---
name: postgres-performance-engineering
description: >
  PostgreSQL performance engineering beyond basic indexing: query plan
  instability, statistics staleness, EXPLAIN ANALYZE interpretation, GIN index
  pending list management, extended statistics for correlated columns, PgBouncer
  connection pooling modes, and autovacuum tuning. Use when investigating slow
  queries, debugging inconsistent query performance, or tuning PostgreSQL for
  high-write production workloads.
compatibility: >
  Requires PostgreSQL access or captured EXPLAIN and pg_stat output; shell
  access helps with psql-based inspection.
metadata:
  opensite-category: data
  opensite-scope: shared
  opensite-visibility: public

---
# PostgreSQL Performance Engineering

## Skill Resources
- Activation and cross-agent notes: [references/activation.md](references/activation.md)
- Use `ultrathink` or the deepest available reasoning mode before changing architecture, security, migration, or performance-critical paths.
- Template: [templates/explain-review.md](templates/explain-review.md)
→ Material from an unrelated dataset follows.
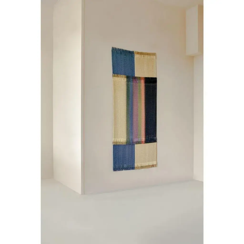 Ishoku perspective 01 by mae engelgeer limited edition of 5. Dimensions: d 0,5 x w 85 x h 180 cm. Materials: igusa straw. Ishoku perspective wall panels. Graphic compositions made by colores igusa straw creating perspectives. Inspired by the first tatami floor mats used in japan for tea ceremonies. Woven in japan in collaboration with mitsuru yokoyama and hand finished in amsterdam. Textile design has always been at the heart of dutch designer mae engelgeer’s work, from her high school days to her studies at the amsterdam fashion institute and sandberg instituut. Since opening her own studio in 2013, she has nurtured her curiosity for the craft, experimenting within the existing boundaries of textile production to elevate old techniques to a modern stage. Mae engelgeer’s work embraces subtle colour palettes, patterns and linear elements. Complex compositions merge with perfection to establish harmony. Creative explorations into the contrasting of materials and textures result in works that luxurious in their tactility and dimensionality. In addition to developing her own collections, mae engelgeer collaborates with brands around the world on projects ranging from textile products and furniture design to material explorations and art direction to large scale installations and public artworks. “my work is driven by intuition and the desire to create. While i consider myself to be a dreamer in the creation of new atmospheres, i am able to quickly translate those ideas into tangible works using the right textures, materials and colours. When asked for my vision in collaborations, i feel a certain sense of freedom to explore a multitude of possibilities.”.

Index creation is the beginning of PostgreSQL performance work, not the end. Production performance problems are usually about the query planner making wrong decisions — and the planner's decisions are only as good as its statistics.

---

## Reading `EXPLAIN ANALYZE` Correctly

```sql
EXPLAIN (ANALYZE, BUFFERS, FORMAT TEXT)
SELECT r.*, COUNT(rv.id) as review_count
FROM restaurants r
LEFT JOIN reviews rv ON rv.restaurant_id = r.id
WHERE r.city_id = 5
GROUP BY r.id
ORDER BY review_count DESC
LIMIT 20;
```

### Anatomy of a Plan Node

```
Hash Join  (cost=1024.32..8432.10 rows=842 width=128) (actual time=12.4..89.3 rows=856 loops=1)
  Buffers: shared hit=1203 read=87 written=0
```

| Field | Meaning |
|-------|---------|
| `cost=0.00..N` | `startup_cost..total_cost` — planner's estimate |
| `rows=N` (plan) | Planner's row estimate |
| `rows=N` (actual) | Real rows processed |
| `loops=N` | Times this node ran (Nested Loop inner node runs once per outer row) |
| `actual time` | Milliseconds per loop |
| `shared hit=N` | Pages served from buffer cache (fast) |
| `shared read=N` | Pages read from disk (slow) |

**True node cost** = `actual time × loops`

### Diagnosing Plan Node Choice

| Planner Choice | Condition That Caused It | Check |
|----------------|-------------------------|-------|
| `Seq Scan` instead of `Index Scan` | Table is small, or index selectivity is low | Check row estimate accuracy; add partial index |
| `Hash Join` instead of `Nested Loop` | Large outer set | Usually correct; Nested Loop can be faster for small outer |
| `Sort` at top level | No index covers the ORDER BY | Add index matching the sort expression |
| `Hash Aggregate` with disk spill | `work_mem` too low | Increase `work_mem` for this session: `SET work_mem = '64MB'` |

---

## Statistics Staleness: The Root Cause of Most Plan Bugs

The planner's row estimates (`rows=N`) come from `pg_statistic` — table statistics gathered by `ANALYZE`. Stale statistics cause the planner to choose wrong join algorithms, wrong indexes, and wrong scan strategies.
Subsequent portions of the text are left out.